Many may argue with me, but I think you can trace the origin of LAN Parties to the arcade. Some would point to multiplayer Doom or some could reach back as far as pong. Wherever you draw the line, LAN parties are about social gaming, and I think that first exploded with the mall arcade.
Everyone's scenario was different, but after begging my Mother to drop me and my friends off at the local arcade I would spend hours dropping quarters into large wood and Plexiglas boxes. 90% of my time in there was spent either watching others play or trying to kick the trash out of my opponent. These heated matches, usually over Street Fighter II in my case, were where trash talking was born.
There was a special etiquette that had to be observed: Your friends with whom you'd come could shout encouragement and make snide remarks about your opponents skills, but you yourself could say nothing, lest real fighting ensued. Your only means of expression during the game, besides gritted teeth and the steely-eyed look of total concentration, was the jerks of the stick and the pounding of the buttons.

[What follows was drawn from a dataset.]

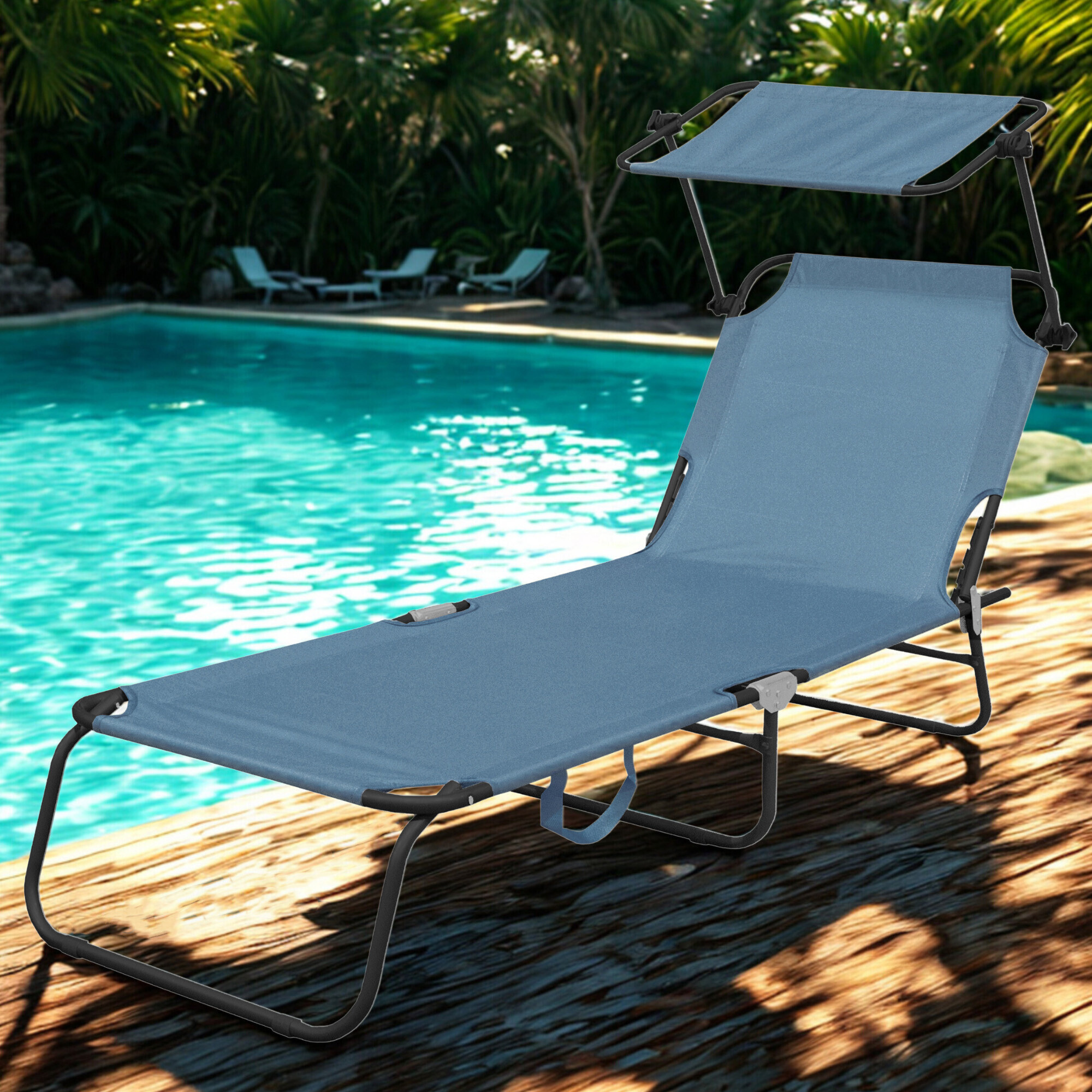 Șezlong de grădină pliabil cu structură din oțel întărit, cu un design modern, potrivit pentru grădini, camping sau plaje.

Frustration after a lost game was only allowed, per the unwritten social rules of the rcade, to be expressed directly at the machine who's fault you were sure it was that you lost. Your friends could make remarks about the opponent, but only in the third person. You had to stick with repeated kicks to the machine itself, punches to the keys, and the final hard swat at the stick itself as you turned away.
This thing is designed to take a beating!
Why am I rehashing the violence of competitive arcade video gaming? Because during my review of Xgaming's X-Arcade stick, the feature I was most impressed with was its ability to deal with my frustration. Not my frustration at the stick itself, my frustration at the games ...which were the reason for my poor performance in the game, not my skill, of course.